| Literature DB >> 30972949 |
Jean P Elbers1, Mark F Rogers2, Polina L Perelman3, Anastasia A Proskuryakova3, Natalia A Serdyukova3, Warren E Johnson4, Petr Horin5, Jukka Corander6,7, David Murphy8, Pamela A Burger1.
Abstract
Researchers have assembled thousands of eukaryotic genomes using Illumina reads, but traditional mate-pair libraries cannot span all repetitive elements, resulting in highly fragmented assemblies. However, both chromosome conformation capture techniques, such as Hi-C and Dovetail Genomics Chicago libraries and long-read sequencing, such as Pacific Biosciences and Oxford Nanopore, help span and resolve repetitive regions and therefore improve genome assemblies. One important livestock species of arid regions that does not have a high-quality contiguous reference genome is the dromedary (Camelus dromedarius). Draft genomes exist but are highly fragmented, and a high-quality reference genome is needed to understand adaptation to desert environments and artificial selection during domestication. Dromedaries are among the last livestock species to have been domesticated, and together with wild and domestic Bactrian camels, they are the only representatives of the Camelini tribe, which highlights their evolutionary significance. Here we describe our efforts to improve the North African dromedary genome. We used Chicago and Hi-C sequencing libraries from Dovetail Genomics to resolve the order of previously assembled contigs, producing almost chromosome-level scaffolds. Remaining gaps were filled with Pacific Biosciences long reads, and then scaffolds were comparatively mapped to chromosomes. Long reads added 99.32 Mbp to the total length of the new assembly. Dovetail Chicago and Hi-C libraries increased the longest scaffold over 12-fold, from 9.71 Mbp to 124.99 Mbp and the scaffold N50 over 50-fold, from 1.48 Mbp to 75.02 Mbp.
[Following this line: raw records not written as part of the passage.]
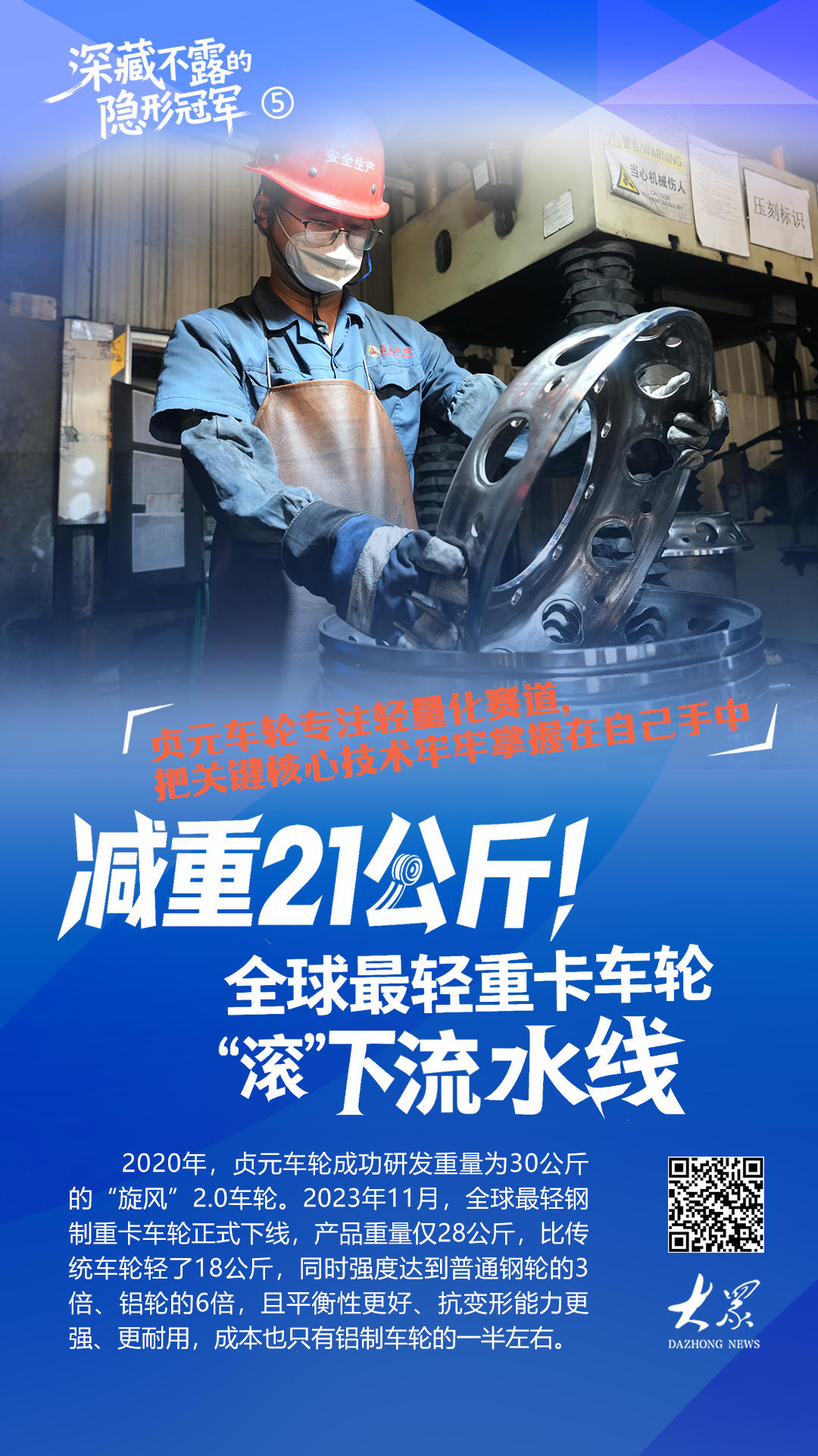 創(chuàng)新路上沒有終點(diǎn)。2020年,貞元車輪成功研發(fā)重量為30公斤的“旋風(fēng)”2.0車輪。2023年11月,全球最輕鋼制重卡車輪正式下線,產(chǎn)品重量?jī)H28公斤,比傳統(tǒng)車輪輕了18公斤,同時(shí)強(qiáng)度達(dá)到普通鋼輪的3倍、鋁輪的6倍,且平衡性更好、抗變形能力更強(qiáng)、更耐用,成本也只有鋁制車輪的一半左右。
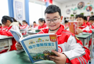 广安启睿第一实验学校“柴云振班”的学生,在阅读文阳清等爱心人士送来的课外书籍。
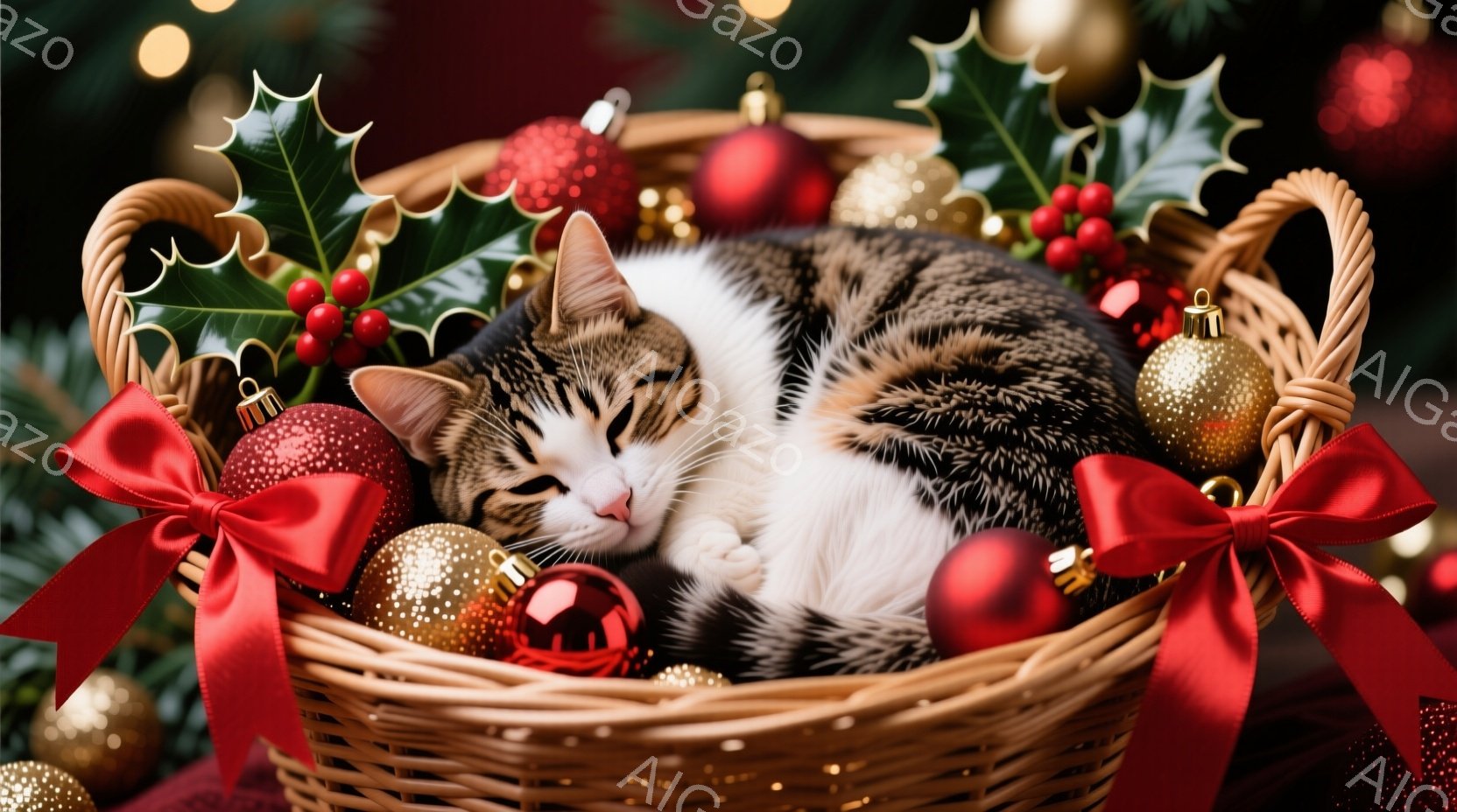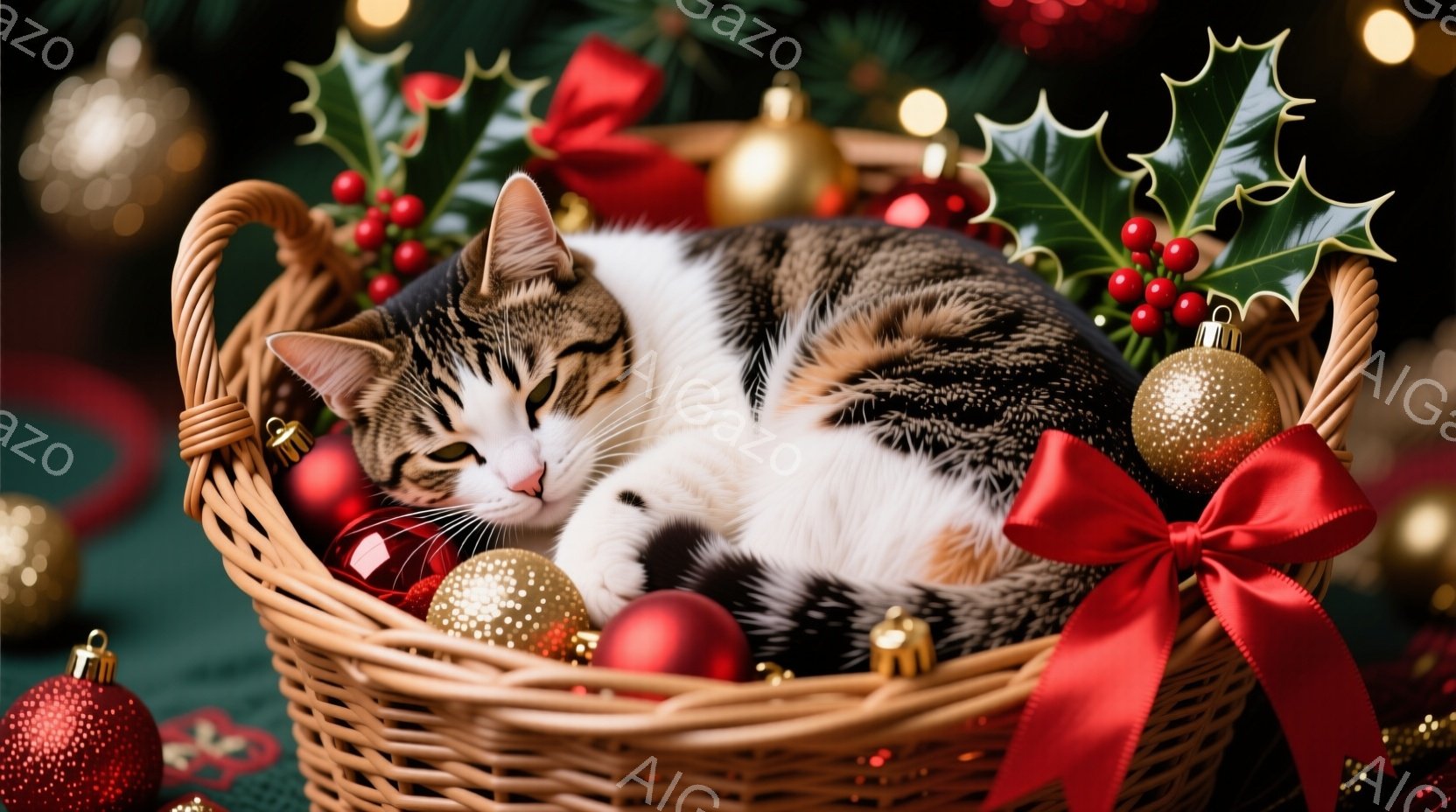 籠の中に、白と茶色の毛並みを持つ猫が丸まって眠っています。籠の周りには、赤いリボンと輝く装飾品が散りばめられ、背景にはぼやけたクリスマスツリーの光が灯っています。温かく、穏やかで、クリスマスの雰囲気を醸し出す、可愛らしい光景です。
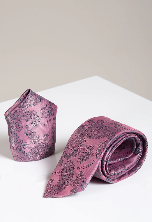 MD Pink Paisley Tie & Pocket Square Set
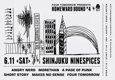-2016/4/24 update 6月企画詳細! | 6月11日の企画の詳細が確定しました! どうぞよろしくお願いします! 2016年6月11日(土)東京新宿NINE SPICES FOUR TOMORROW presents [Homeward Bound #4] ---------------------------------------------------- ANGRY NERD A PAGE OF PUNK MAKES NO SENSE MORETHAN SHORT STORY FOUR TOMORROW ---------------------------------------------------- Open 17:10 / Start 17:30 ADV 1,800yen / DOOR 2,000yen

We demonstrate that Illumina de novo assemblies can be substantially upgraded by combining chromosome conformation capture and long-read sequencing.Entities:
Keywords: chromosome conformation capture; chromosome mapping; dromedary; genome annotation; genome assembly; scaffolding
Mesh:
Year: 2019 PMID: 30972949 PMCID: PMC6618069 DOI: 10.1111/1755-0998.13020
Source DB: PubMed Journal: Mol Ecol Resour ISSN: 1755-098X Impact factor: 7.090
Assembly statistics for the original North African dromedary assembly (CamDro1) (Fitak et al., 2016; GenBank accession: GCA_000803125.1); the North African dromedary assembly after improvement (CamDro2) by Chicago and Dovetail Hi‐C sequencing libraries, followed by filling in gaps with 11x coverage PacBio Sequel reads using pbjelly (English et al., 2012), next polishing with Illumina short‐insert libraries using pilon (Walker et al., 2014), and then filling in gaps with Illumina short‐insert libraries using abyss sealer (Jackman et al., 2017), and polishing again but also filling in gaps with Pilon; and for comparison the Arabian dromedary assembly (Wu et al., 2014; GCA_000767585.1)
| Assembly | |||
|---|---|---|---|
| Original North African Dromedary (CamDro1) | Improved North African Dromedary (CamDro2) | Arabian Dromedary | |
| Total size | 2,055,063,633 | 2,154,386,959 | 2,004,047,047 |
| Gap length | 53,035,436 | 20,341,506 | 22,407,814 |
| Scaffolds | |||
| Number | 35,752 | 23,439 | 32,572 |
| Longest | 9,719,801 | 124,992,380 | 23,736,781 |
| N90 | 260,185 | 24,922,612 | 689,795 |
| L90 | 1,592 | 31 | 594 |
| N50 | 1,482,444 | 75,021,453 | 4,188,677 |
| L50 | 393 | 11 | 132 |
| Contigs | |||
| Number | 133,158 | 45,969 | 93,701 |
| Longest | 413,938 | 9,491,684 | 896,174 |
| N90 | 11,508 | 177,667 | 17,513 |
| L90 | 42,697 | 1,944 | 25,175 |
| N50 | 50,278 | 1,333,231 | 88,36 |
| L50 | 11,378 | 423 | 6,074 |
| Single‐copy BUSCOs | 3,820 | 3,851 | 3,811 |
| Duplicated BUSCOs | 22 | 24 | 19 |
| Fragmented BUSCOs | 164 | 133 | 178 |
| Missing BUSCOs | 98 | 96 | 96 |
| Proportion of complete BUSCOs | 0.936 | 0.944 | 0.933 |
N90/N50 are the scaffold or contig lengths such that the sum of the lengths of all scaffolds or contigs of this size or larger is equal to 90/50% of the total assembly length.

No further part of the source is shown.